> **TASK OBJECTIVE**: Give back an exact copy of the listing that follows, without the pictures.

> **MATERIAL PROVIDED**:
<<<<

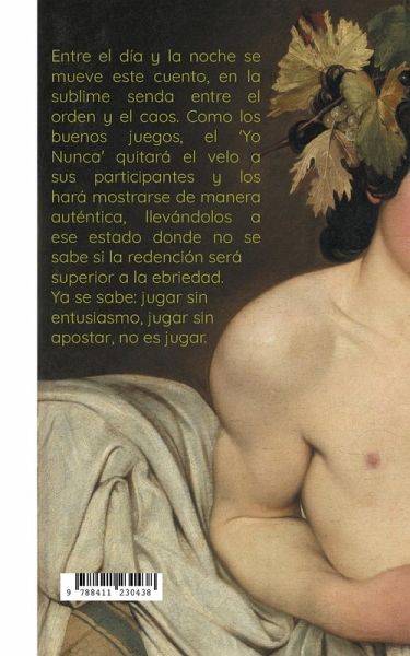 «Tres cosas son necesarias para la salvación del hombre: saber lo que debe creer; saber lo que debe querer; y saber lo que debe hacer». La sentencia de santo Tomás es clara, pero no simple; no resulta engañosa, pero, ¿y si uno no sabe qué creer, que querer o qué hacer? Entre el día y la noche se mueve este cuento, en la sublime senda entre el orden y el caos. Como los buenos juegos, el 'Yo Nunca' quitará el velo a sus participantes y los hará mostrarse de manera auténtica, llevándolos a ese estado donde no se sabe si la redención será superior a la ebriedad. Ya se sabe: jugar sin entusiasmo, jugar sin apostar, no es jugar.
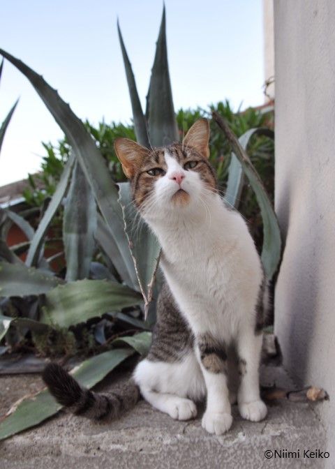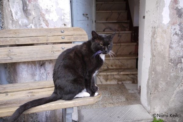 この猫は、民泊経営をしている家の猫です。お客さんが大好きで、去っていく旅人を見送るのが日課だそうです。そのあと、近所のお年寄りの世間話に加わったり、昼寝をしたりしているうちに、次のお客さんが到着する時刻になるのでお出迎え。なかなか忙しい日課です。
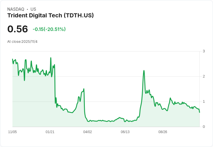 特立登數位科技(TDTH)近日收到來自納斯達克的通知信,該信函日期為2025年10月28日,指出公司股票的最低出價已連續30個交易日低於1美元,未能符合納斯達克的最低出價要求。這一情況使得公司必須在接下來的180天內,即至2026年4月27日之前,採取措施以重新達到合規標準。
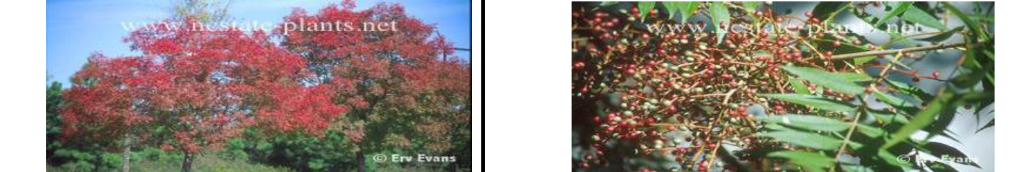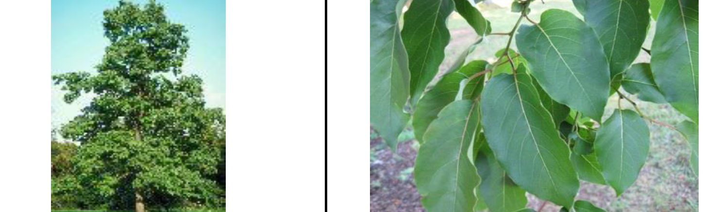 | Black gum, Black tupelo, Sour gum | Nyssa sylvatica | 40-60 | 20-30 | Sun to partial shade; prefers moist, well-drained soil; provide shelter from wind | Pyramidal when young; opens with age; some branches are pendulous | Deciduous; native; long taproot; spectacular fall color, no serious pests | ![]() |
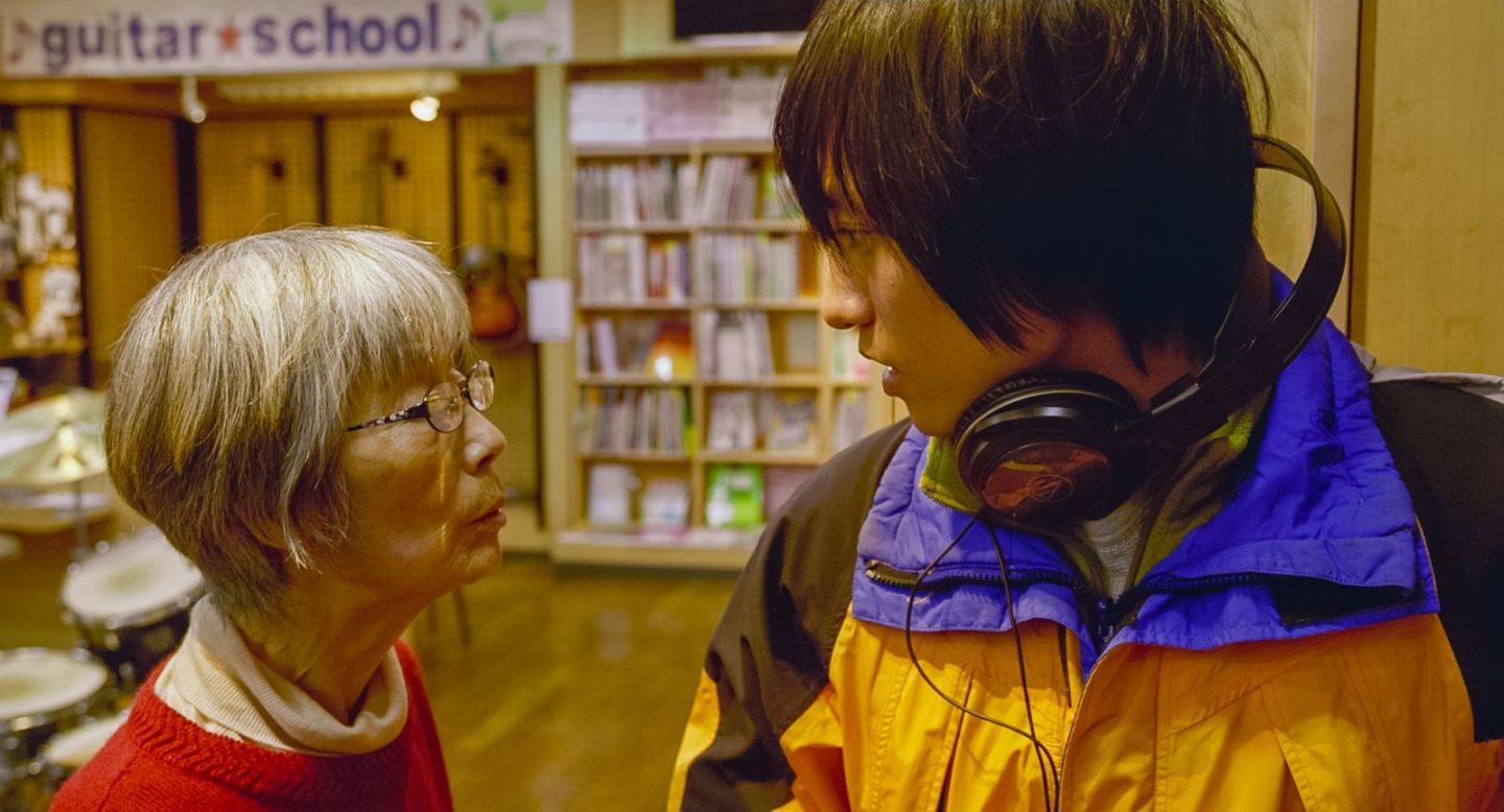 This particular young man (Kisetsu Fujiwara) is an “ore ore” scammer, a popular form of telephone fraud in which the caller rings an elderly person and claims to be their grandson explaining in a panic that they’re in trouble and need money right away. The elderly person on the other end of the phone usually complies, either too estranged to realise that it isn’t their grandson’s voice or too anxious to give it much thought. On this particular occasion, however, the woman that the man rings after arriving on the small island of Amakusa appears not to understand, believing that he really is her grandson, Shota, suddenly arrived for a visit. The young man ends up going along with it, warming to the old woman, Tsuyako (Chisako Hara), and more or less forced to stay after she hides his phone and wallet (which contains money he’d already stolen from the honesty box in her music store).
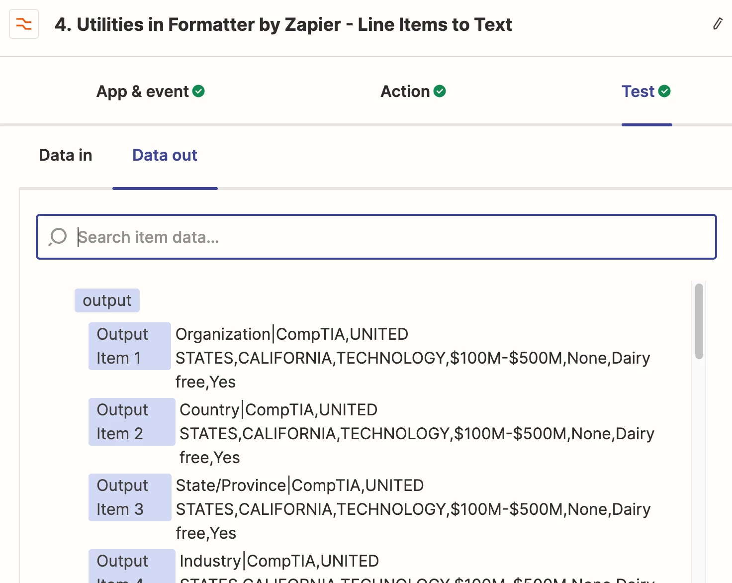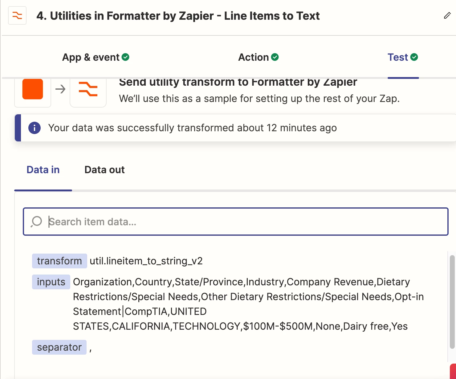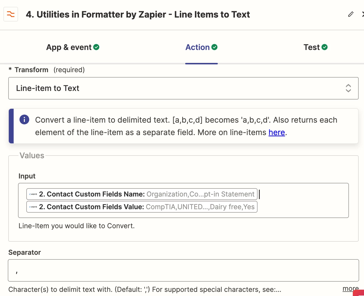 I’m using the Utilities in Formatter by Zapier - Line Items to Text to parse the questions and answers. The ‘question’ portion outputs correctly, however, the ‘answer’ portion is resulting in an incorrect result -- it keeps outputting all the answer values vs the corresponding one. The separator is a comma. How do I get the ‘answer’ portion to output correctly?
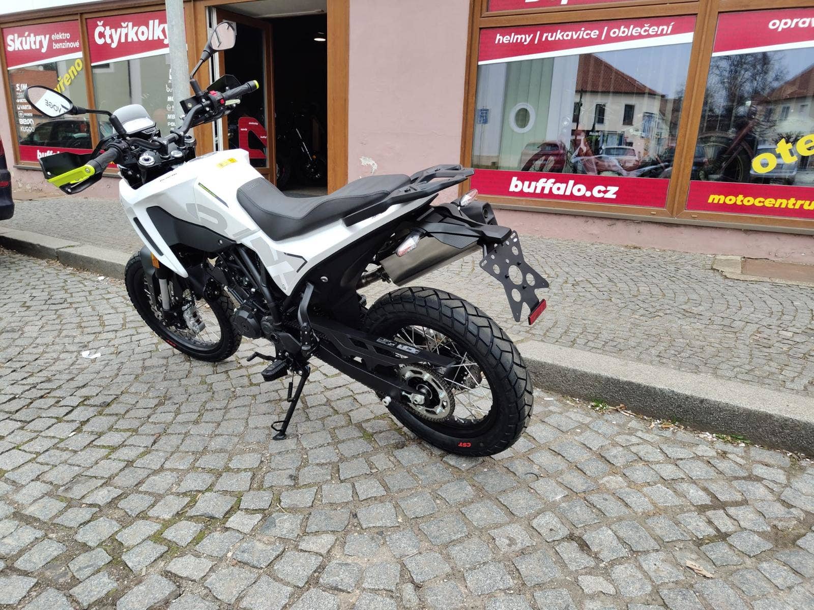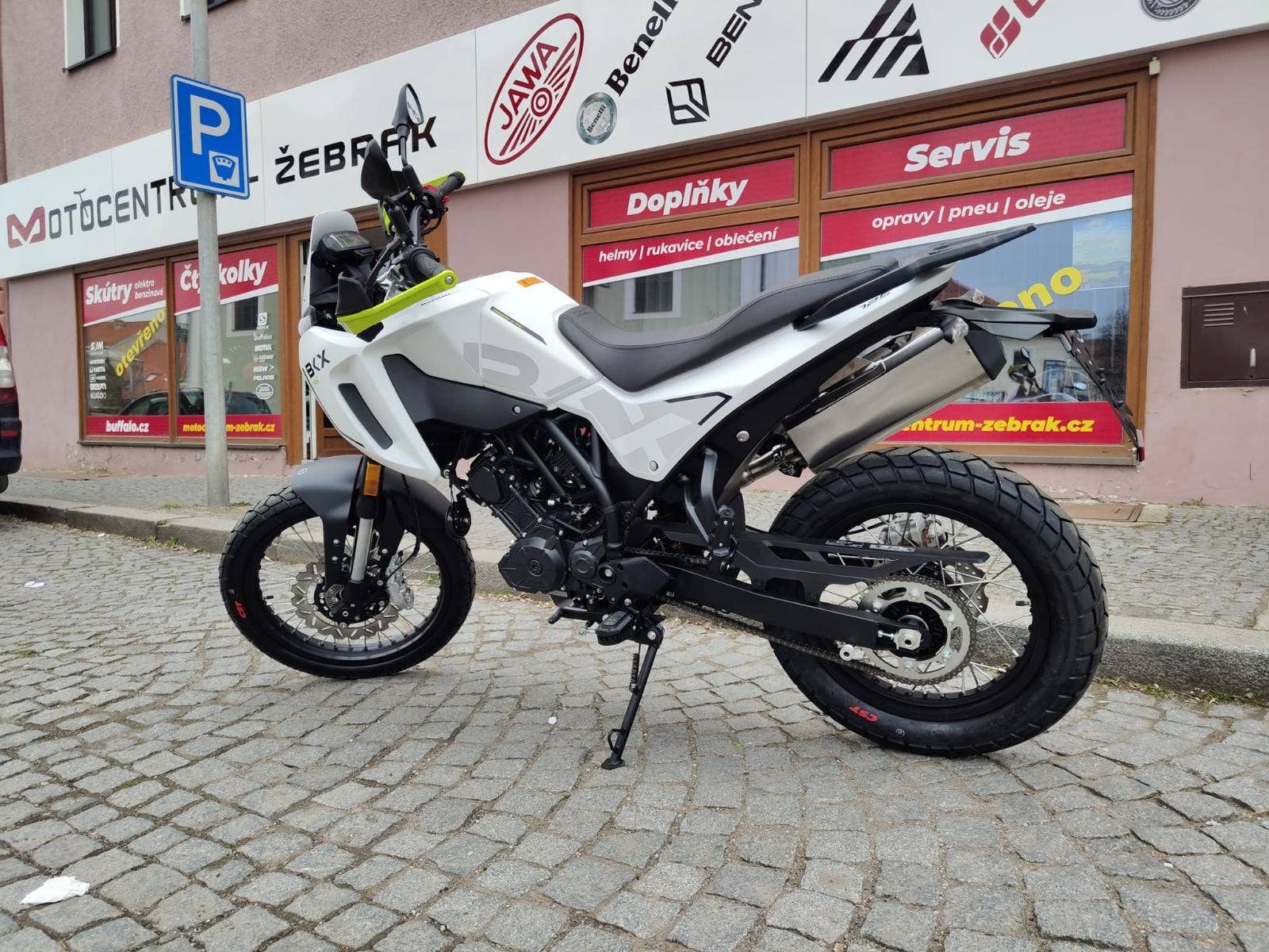 Novinka na prodejně Motocentrum - Žebrák, motocykl Benelli 125 BKX, r.v. 2026 obsah 125 CCM/ 11 kW, terenní motocykl v moderním pojetí s čistými liniemi, bílá perleť, výrazné kryty rukojetí, nastavitelné tlumiče, LED světlomety, 19" pření kolo, Možnost odpočtu DPH.
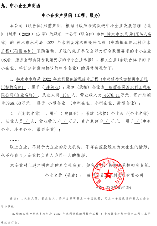 2023年7月18日神木市水利局2022年水利设施治理提升工程(中鸡镇秦圪垯村供水工程)中标(成交)结果公告 |
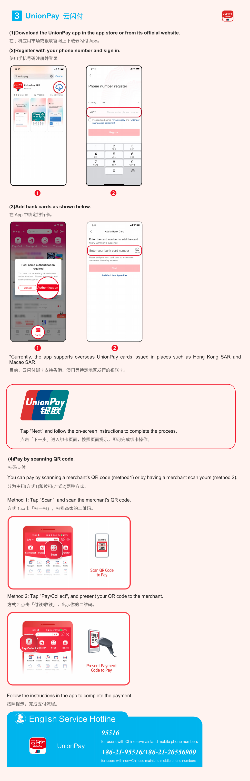 只需一部手機(jī),就可以使用便捷的支付服務(wù)。我們提供支付寶、微信支付、云閃付等多種支付產(chǎn)品,您可自行選擇。為了便利您更好地使用移動(dòng)支付產(chǎn)品,一定金額以下的交易免于采集身份信息。快來(lái)體驗(yàn)吧!請(qǐng)?jiān)L問 www.pcac.org.cn 觀看操作視頻了解更詳細(xì)信息。
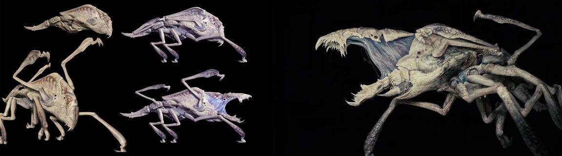Одни из существ — гигантские насекомые — выглядят как комбинация знакомых насекомых и невозможных форм: слишком длинные конечности, хищные мандибулы, стеклянные крылья. Их движения — быстрые, хаотичные, но при этом «программные»: CGI-анимация подчёркивает их ройную механику. Большие паукообразные существа — более медленные, и их пугающая сила в размере: тела покрыты органическими слизистыми слоями, причём цифровые деформации позволяют им разрываться, рождая паразитов.
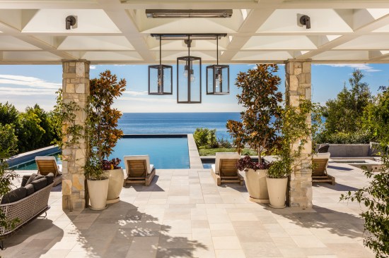 An open-air pavilion includes a fireplace and an outdoor kitchen with a grill, pizza oven, and bars. A resort-style pool, sunken lounge area, and fire pit are silhouetted by the ocean. A one-bedroom, one-bathroom guesthouse is located on the property. The home is currently on the market for $57.5 million.
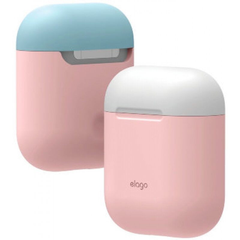Силиконовый чехол Elago Duo Case для AirPods 1&2, цвет Голубой с Белой и Розовой крышками (EAPDO-PBL-PKWH)
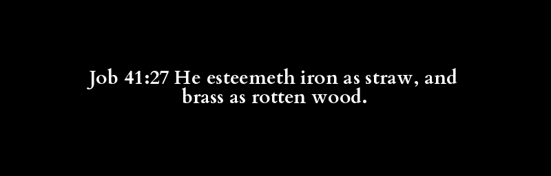 Job 41:27 He esteemeth iron as straw, and brass as rotten wood.
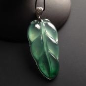 冰种绿底叶子 翡翠挂件 尺寸36-18-6mm

>>>>

> **EXERCISE OUTPUT**:
 «Tres cosas son necesarias para la salvación del hombre: saber lo que debe creer; saber lo que debe querer; y saber lo que debe hacer». La sentencia de santo Tomás es clara, pero no simple; no resulta engañosa, pero, ¿y si uno no sabe qué creer, que querer o qué hacer? Entre el día y la noche se mueve este cuento, en la sublime senda entre el orden y el caos. Como los buenos juegos, el 'Yo Nunca' quitará el velo a sus participantes y los hará mostrarse de manera auténtica, llevándolos a ese estado donde no se sabe si la redención será superior a la ebriedad. Ya se sabe: jugar sin entusiasmo, jugar sin apostar, no es jugar.
 この猫は、民泊経営をしている家の猫です。お客さんが大好きで、去っていく旅人を見送るのが日課だそうです。そのあと、近所のお年寄りの世間話に加わったり、昼寝をしたりしているうちに、次のお客さんが到着する時刻になるのでお出迎え。なかなか忙しい日課です。
 特立登數位科技(TDTH)近日收到來自納斯達克的通知信,該信函日期為2025年10月28日,指出公司股票的最低出價已連續30個交易日低於1美元,未能符合納斯達克的最低出價要求。這一情況使得公司必須在接下來的180天內,即至2026年4月27日之前,採取措施以重新達到合規標準。
 | Black gum, Black tupelo, Sour gum | Nyssa sylvatica | 40-60 | 20-30 | Sun to partial shade; prefers moist, well-drained soil; provide shelter from wind | Pyramidal when young; opens with age; some branches are pendulous | Deciduous; native; long taproot; spectacular fall color, no serious pests | ![]() |
 This particular young man (Kisetsu Fujiwara) is an “ore ore” scammer, a popular form of telephone fraud in which the caller rings an elderly person and claims to be their grandson explaining in a panic that they’re in trouble and need money right away. The elderly person on the other end of the phone usually complies, either too estranged to realise that it isn’t their grandson’s voice or too anxious to give it much thought. On this particular occasion, however, the woman that the man rings after arriving on the small island of Amakusa appears not to understand, believing that he really is her grandson, Shota, suddenly arrived for a visit. The young man ends up going along with it, warming to the old woman, Tsuyako (Chisako Hara), and more or less forced to stay after she hides his phone and wallet (which contains money he’d already stolen from the honesty box in her music store).
 I’m using the Utilities in Formatter by Zapier - Line Items to Text to parse the questions and answers. The ‘question’ portion outputs correctly, however, the ‘answer’ portion is resulting in an incorrect result -- it keeps outputting all the answer values vs the corresponding one. The separator is a comma. How do I get the ‘answer’ portion to output correctly?
 Novinka na prodejně Motocentrum - Žebrák, motocykl Benelli 125 BKX, r.v. 2026 obsah 125 CCM/ 11 kW, terenní motocykl v moderním pojetí s čistými liniemi, bílá perleť, výrazné kryty rukojetí, nastavitelné tlumiče, LED světlomety, 19" pření kolo, Možnost odpočtu DPH.
 2023年7月18日神木市水利局2022年水利设施治理提升工程(中鸡镇秦圪垯村供水工程)中标(成交)结果公告 |
 只需一部手機(jī),就可以使用便捷的支付服務(wù)。我們提供支付寶、微信支付、云閃付等多種支付產(chǎn)品,您可自行選擇。為了便利您更好地使用移動(dòng)支付產(chǎn)品,一定金額以下的交易免于采集身份信息。快來(lái)體驗(yàn)吧!請(qǐng)?jiān)L問 www.pcac.org.cn 觀看操作視頻了解更詳細(xì)信息。
Одни из существ — гигантские насекомые — выглядят как комбинация знакомых насекомых и невозможных форм: слишком длинные конечности, хищные мандибулы, стеклянные крылья. Их движения — быстрые, хаотичные, но при этом «программные»: CGI-анимация подчёркивает их ройную механику. Большие паукообразные существа — более медленные, и их пугающая сила в размере: тела покрыты органическими слизистыми слоями, причём цифровые деформации позволяют им разрываться, рождая паразитов.
 An open-air pavilion includes a fireplace and an outdoor kitchen with a grill, pizza oven, and bars. A resort-style pool, sunken lounge area, and fire pit are silhouetted by the ocean. A one-bedroom, one-bathroom guesthouse is located on the property. The home is currently on the market for $57.5 million.
Силиконовый чехол Elago Duo Case для AirPods 1&2, цвет Голубой с Белой и Розовой крышками (EAPDO-PBL-PKWH)
 Job 41:27 He esteemeth iron as straw, and brass as rotten wood.
 冰种绿底叶子 翡翠挂件 尺寸36-18-6mm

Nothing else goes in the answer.